Tanti sono gli ostacoli interni ed esterni che ho dovuto
affrontare, che si sono materializzati e smaterializzati nei
miei incubi, ma ho sempre cercato la luce, come potete vedere
nella poesia La scala di cristallo.
La scala di cristallo rappresenta il periodo di confusione
che sto attraversando e la voglia di realizzarmi.
Nel libro si vedrà prima un’eroina molto timida che scappa
di continuo davanti ai propri mostri; poi inizia a combattere,
sebbene, a volte, quando la situazione è ancora pericolosa,
scappi. Alla fine di un complicato processo interiore, si
vedrà una prevalenza di combattimenti rispetto alla fuga.
In questi passaggi parlo di un’evoluzione personale dalla
fuga all’attacco, ma tutto questo avviene per preservarmi o
per tutelare quello che ritengo giusto.
Nel libro verrò aiutata da alcuni e ostacolata da altri,
ma adesso vi lascio leggere.
Buona lettura.
PARTE 1
Sognatori…
“Solo chi sogna può spostare le montagne…” citazione dal
film Fitzcarraldo
CAPITOLO 1
“Punta sempre alla luna, mal che vada avrai vagabondato
tra le stelle”. (Les Brown)
LA FUGA
“La vita è una lunga lezione di umiltà”. (James Matthew
Stavo correndo sulle scale per prendere la chiave che ci
avrebbe finalmente liberati. Sapevo istintivamente che erano
cinquantacinque scalini a salire e altri cinquantacinque a
scendere. Dietro di me si chiudevano le porte, i cancelli e
grate antichissime; tutto era buio e disperazione.
Paura e ansia i sentimenti, respiro corto e affannato,
pareti che dal giallo al bianco panna diventavano sempre più
sfumate… stavo entrando nell’inferno ma non potevo
rallentare. Nella mia corsa la chiave di uscita da quel posto
era tutto: era la salvezza!
Arrivata all’ultimo scalino scattai verso la stanza dove
c’era la chiave. Essa era il simbolo della liberazione, era il
nostro liberarci dalle tenebre… ma sapevo che il mostro con
gli artigli l’avrebbe difesa: non sarebbe stato semplice.
Affrontare il mostro richiedeva forza. Era stato un uomo
nella vita precedente, un uomo forte, pedofilo e di potere.
Potevo solo scattare sulla destra e attaccare con l’unica
sedia di legno che avevo trovato, una sedia contro un mostro
che era stato un mito in vita… Una vita fatta di eccessi,
bevute fino all’alba, cocaina, donne, milioni di donne,
pedofilia, finché non fu orrendamente arso vivo.
Ero sempre stata sensibile in vita e avevo capito,
percepito le debolezze del mostro, e d’improvviso attaccai:
con una finta di lato gli fracassai la sedia in testa.
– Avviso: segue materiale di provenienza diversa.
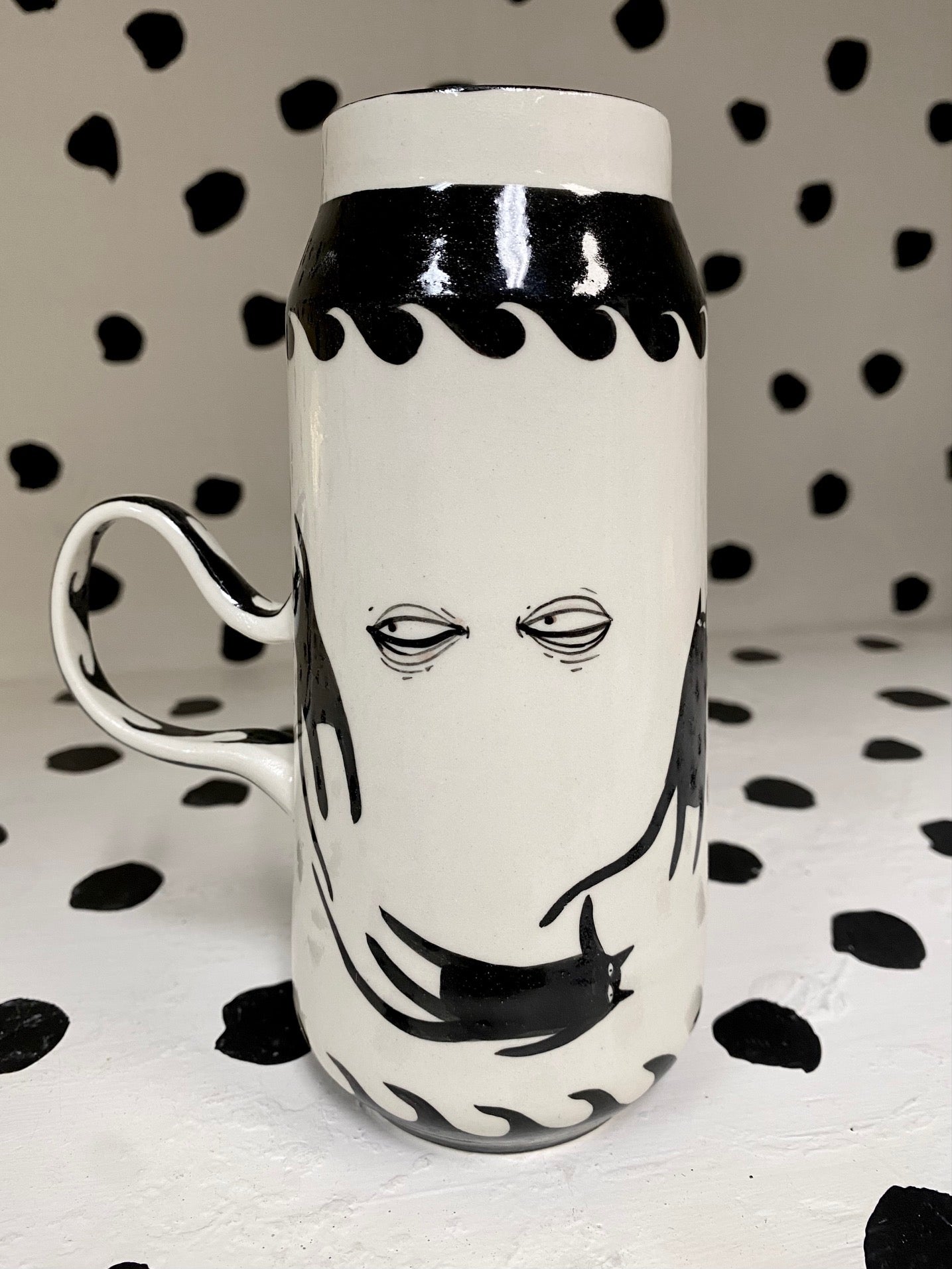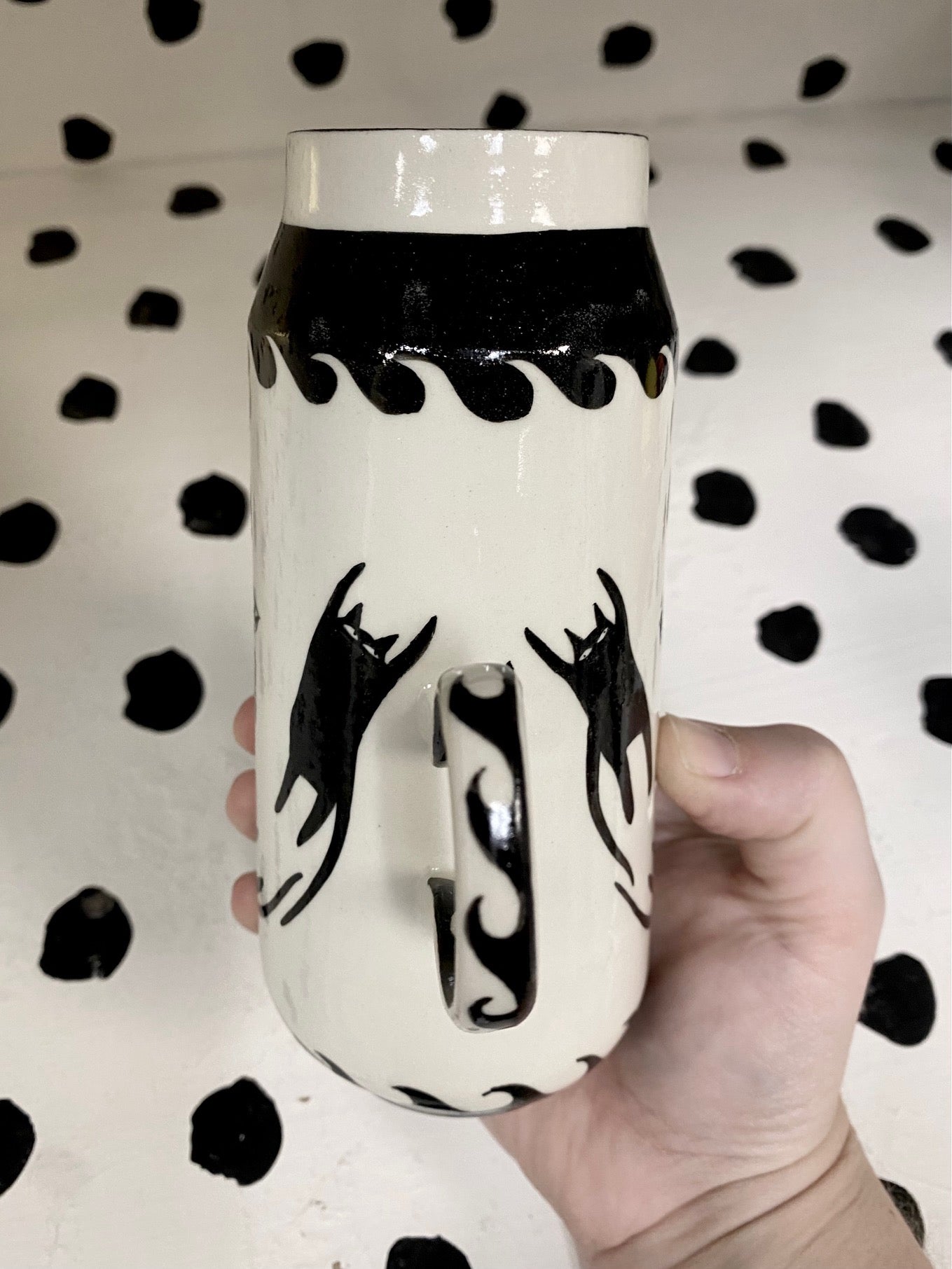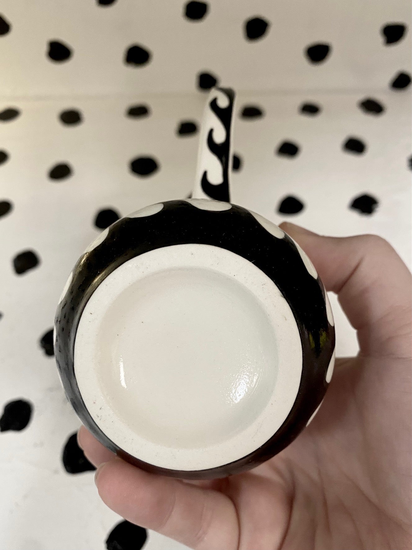 Handmade and hand painted porcelain ceramic mug. Electric fired to cone 6, about 6.5'' tall x 3.25'' wide, holds about 16 ounces. Microwave and dishwasher safe but hand washing is recommended for longevity of use.

La
sedia si ruppe e in mano mi rimasero due monconi. Agitata, li
infilzai con rabbia nel torace e nel collo del mostro.
Ora l’orrenda figura bruciata era a terra. Potevo solo
tentare di dargli fuoco. Lo avrebbe rallentato: ne aveva la
fobia… l’orrendo mostro aveva la fobia del fuoco che avrebbe
spazzato via l’invidia che aveva nutrito durante la sua vita,
un’indivia feroce nei confronti della bellezza e
dell’innocenza – infatti era stato psicopatico e manipolativo.
Io ero quasi certa di questa sua fobia, ma dovevo pur
difendermi e renderlo inoffensivo.
Durante la vita aveva capito che l’invidia e la gelosia
erano mal viste, così le mascherava dietro una corazza fatta
di charme e intellettualismo, ma oscuri e aspri erano i suoi
pensieri; si dice infatti “gran brutta cosa è la fame”. Per me
l’invidia è peggio, e nella storia ha originato guerre, risse,
conflitti e infiniti lutti.
Trovai il mio accendino dei bei tempi, lo chiamavo lo
“Zippo dei miei sedici anni”, quando fumacchiavo di nascosto.
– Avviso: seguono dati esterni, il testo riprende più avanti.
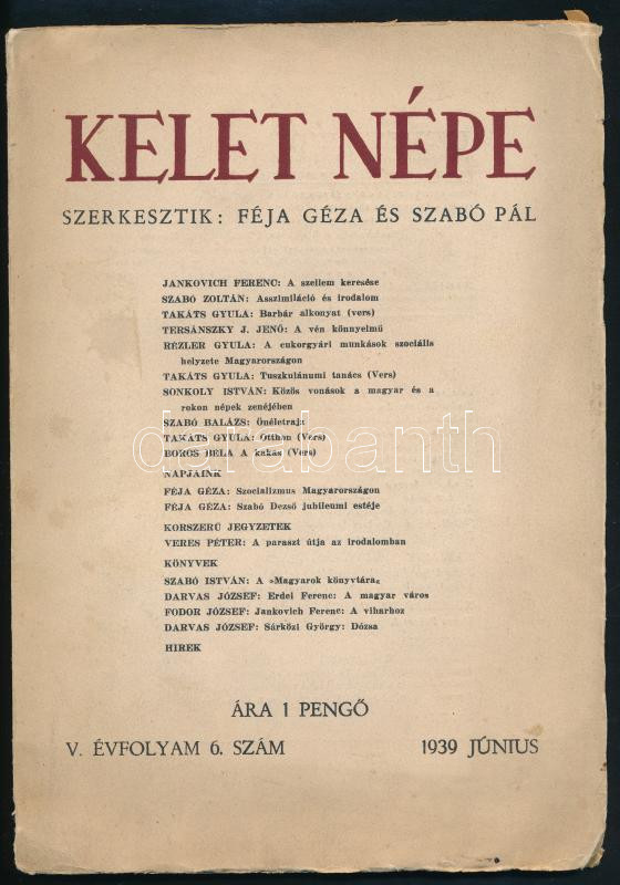 https://www.darabanth.com/en/436-Online-auction/436.0/Art-and-other-collectibles/Printed-Materials~1000003/1939-Kelet-nepe-c-folyoirat-V-evf-6-sz-1939-junius-szerk-Feja-Geza-es-Szabo-Pal-S~II2833687
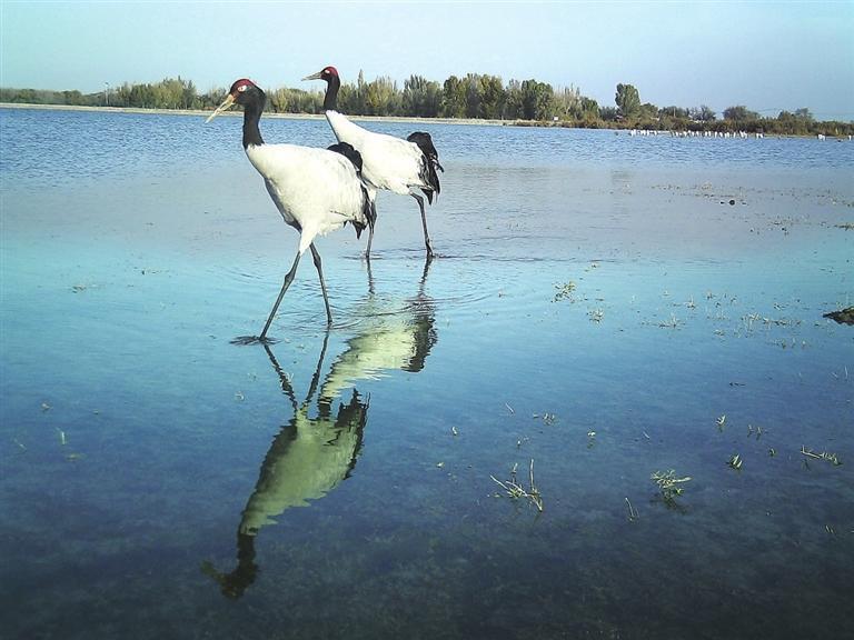 原標題:黑頸鶴漫步甘肅雙塔濕地

Mi mossi velocemente e lanciai lo Zippo, poi vidi la chiave,
la presi e corsi verso le scale.
Cinquantacinque scalini.
Ero giovane, e li percorsi volando.
Sentivo dolore al ginocchio ma perseveravo. Pensavo che
ogni scalino fosse la vita, li contavo e li ricontavo.
Raggiunta la cima, svoltai infine dietro la ringhiera che
proteggeva le scale e rapidamente consegnai la chiave ai
compagni trovati lì che cercavano la luce, ma anche a chi
voleva andare nella direzione opposta e avventurarsi per gli
abissi.
La chiave girò, ma nel mentre sentii che il mostro si
stava riprendendo e si stava avvicinando: voleva ripercorrere
la scala.
Noi volevamo uscire di lì e scappare verso la luce… luce
che cercavo da sempre, ma intanto avevo sempre davanti le
intricate sbarre del cancello dipinte di bianco che mi
ricordavano la purezza e ancora una volta la luce.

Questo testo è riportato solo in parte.